Saved data entries:
[Start of Attachment]

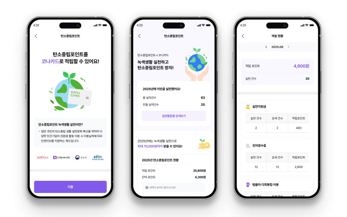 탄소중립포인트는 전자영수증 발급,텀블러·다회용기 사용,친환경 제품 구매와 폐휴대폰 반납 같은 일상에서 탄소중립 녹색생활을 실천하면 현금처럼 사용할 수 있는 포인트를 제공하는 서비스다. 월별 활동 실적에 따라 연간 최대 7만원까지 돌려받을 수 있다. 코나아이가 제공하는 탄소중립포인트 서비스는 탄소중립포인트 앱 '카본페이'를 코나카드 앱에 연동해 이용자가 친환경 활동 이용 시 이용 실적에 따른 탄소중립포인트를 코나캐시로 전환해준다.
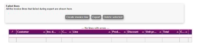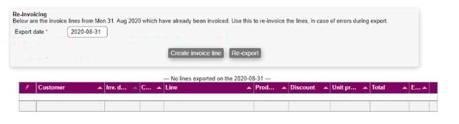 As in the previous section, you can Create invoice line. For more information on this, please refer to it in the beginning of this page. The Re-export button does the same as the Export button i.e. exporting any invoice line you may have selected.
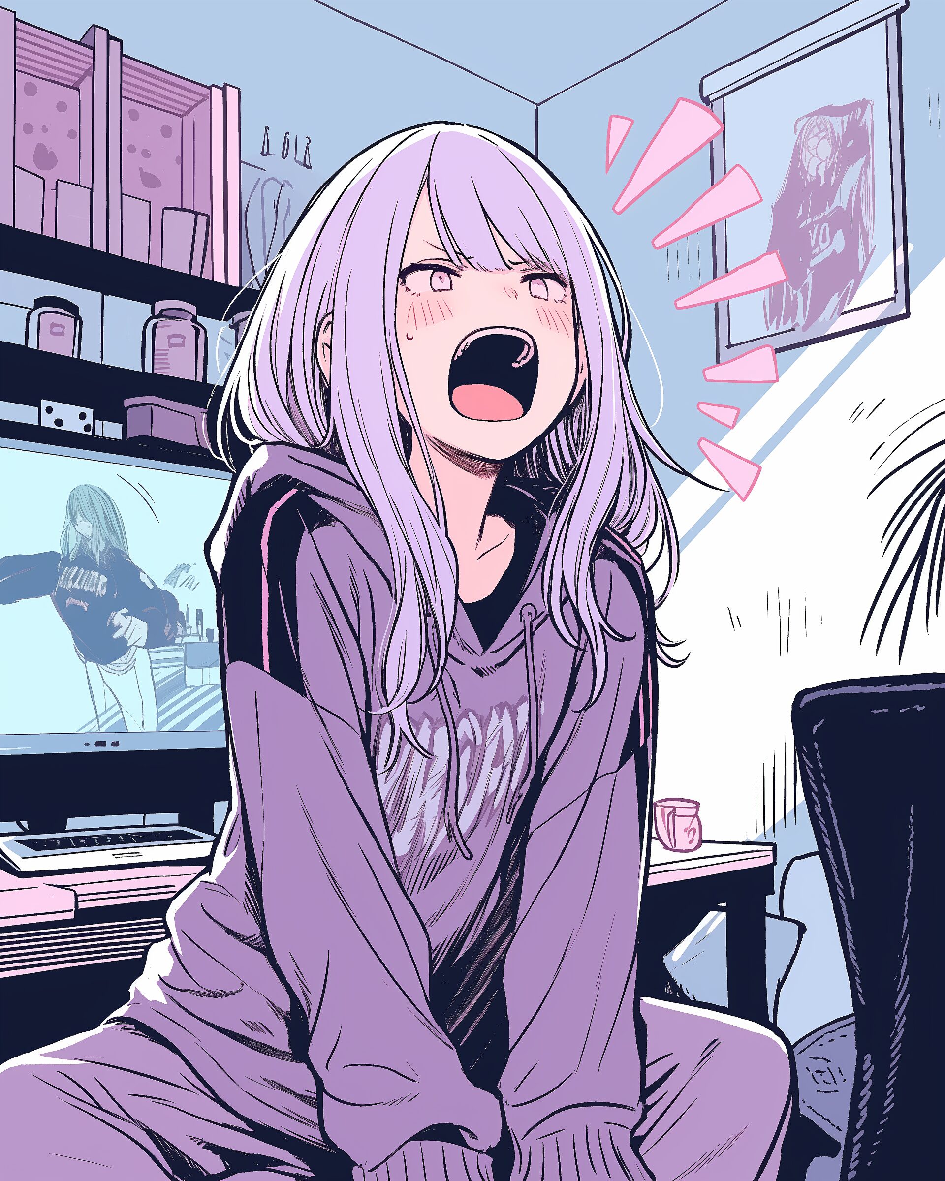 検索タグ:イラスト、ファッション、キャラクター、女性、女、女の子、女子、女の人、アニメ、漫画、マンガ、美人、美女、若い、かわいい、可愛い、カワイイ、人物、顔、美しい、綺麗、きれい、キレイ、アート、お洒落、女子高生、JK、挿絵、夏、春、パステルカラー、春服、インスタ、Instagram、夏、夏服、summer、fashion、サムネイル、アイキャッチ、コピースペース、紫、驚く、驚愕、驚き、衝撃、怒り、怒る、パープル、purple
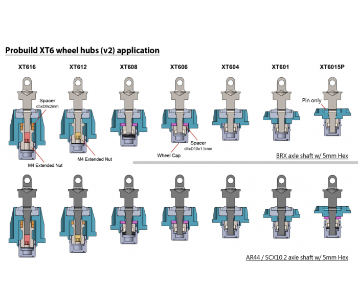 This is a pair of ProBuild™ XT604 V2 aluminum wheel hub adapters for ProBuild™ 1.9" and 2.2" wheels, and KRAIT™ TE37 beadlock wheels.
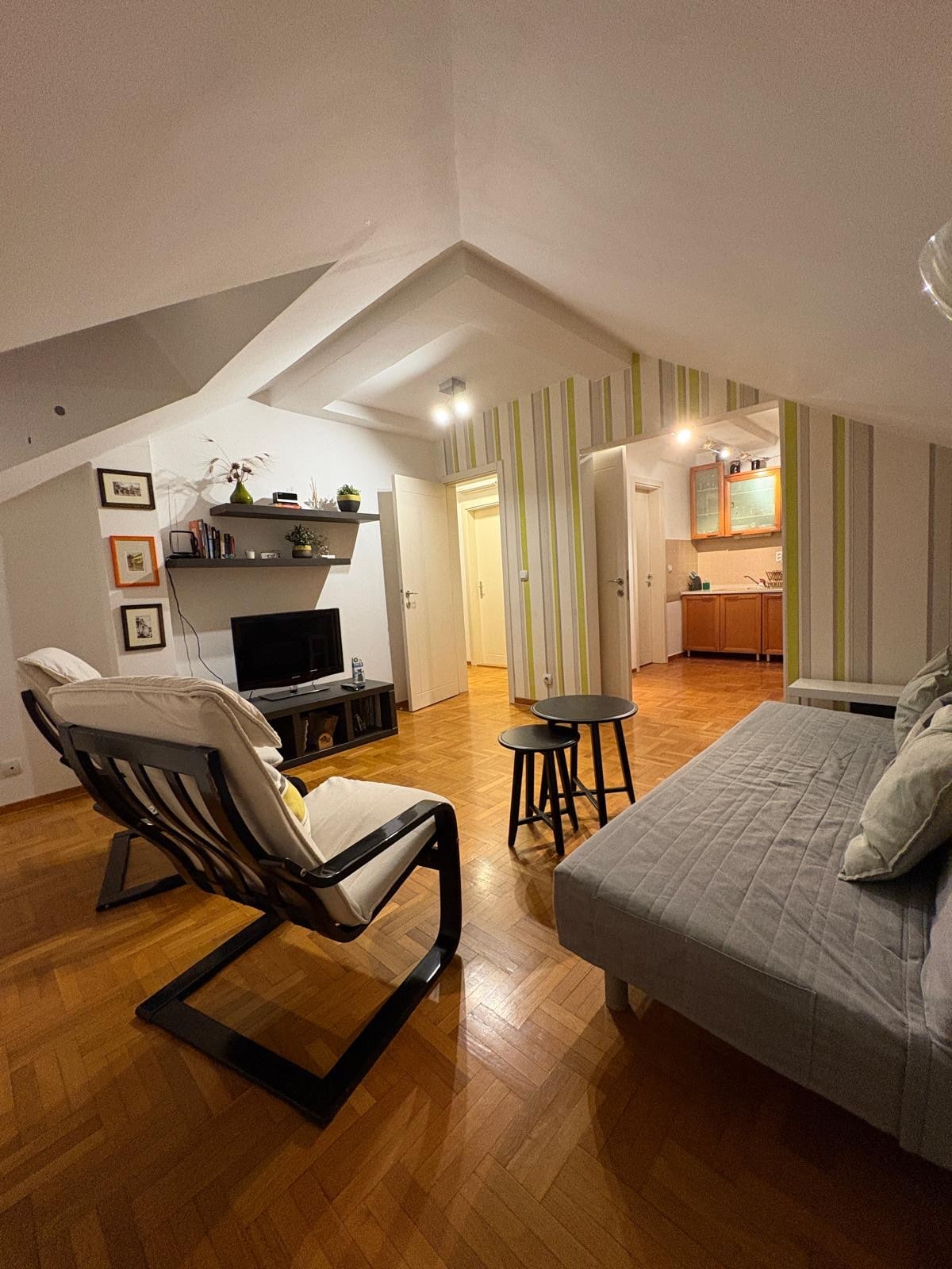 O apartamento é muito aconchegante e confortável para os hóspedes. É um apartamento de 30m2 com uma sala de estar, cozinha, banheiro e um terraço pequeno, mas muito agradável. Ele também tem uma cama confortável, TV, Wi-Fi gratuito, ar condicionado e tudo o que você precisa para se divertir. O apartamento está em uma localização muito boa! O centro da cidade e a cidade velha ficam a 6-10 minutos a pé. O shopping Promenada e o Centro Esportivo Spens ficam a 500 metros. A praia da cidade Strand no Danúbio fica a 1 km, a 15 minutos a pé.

[End of Attachment]

◆ WORK ORDER
Pictures must not appear in the copy, and every record must be restated word for word.

◆ OUTPUT FOR THIS TASK
 탄소중립포인트는 전자영수증 발급,텀블러·다회용기 사용,친환경 제품 구매와 폐휴대폰 반납 같은 일상에서 탄소중립 녹색생활을 실천하면 현금처럼 사용할 수 있는 포인트를 제공하는 서비스다. 월별 활동 실적에 따라 연간 최대 7만원까지 돌려받을 수 있다. 코나아이가 제공하는 탄소중립포인트 서비스는 탄소중립포인트 앱 '카본페이'를 코나카드 앱에 연동해 이용자가 친환경 활동 이용 시 이용 실적에 따른 탄소중립포인트를 코나캐시로 전환해준다.
 As in the previous section, you can Create invoice line. For more information on this, please refer to it in the beginning of this page. The Re-export button does the same as the Export button i.e. exporting any invoice line you may have selected.
 検索タグ:イラスト、ファッション、キャラクター、女性、女、女の子、女子、女の人、アニメ、漫画、マンガ、美人、美女、若い、かわいい、可愛い、カワイイ、人物、顔、美しい、綺麗、きれい、キレイ、アート、お洒落、女子高生、JK、挿絵、夏、春、パステルカラー、春服、インスタ、Instagram、夏、夏服、summer、fashion、サムネイル、アイキャッチ、コピースペース、紫、驚く、驚愕、驚き、衝撃、怒り、怒る、パープル、purple
 This is a pair of ProBuild™ XT604 V2 aluminum wheel hub adapters for ProBuild™ 1.9" and 2.2" wheels, and KRAIT™ TE37 beadlock wheels.
 O apartamento é muito aconchegante e confortável para os hóspedes. É um apartamento de 30m2 com uma sala de estar, cozinha, banheiro e um terraço pequeno, mas muito agradável. Ele também tem uma cama confortável, TV, Wi-Fi gratuito, ar condicionado e tudo o que você precisa para se divertir. O apartamento está em uma localização muito boa! O centro da cidade e a cidade velha ficam a 6-10 minutos a pé. O shopping Promenada e o Centro Esportivo Spens ficam a 500 metros. A praia da cidade Strand no Danúbio fica a 1 km, a 15 minutos a pé.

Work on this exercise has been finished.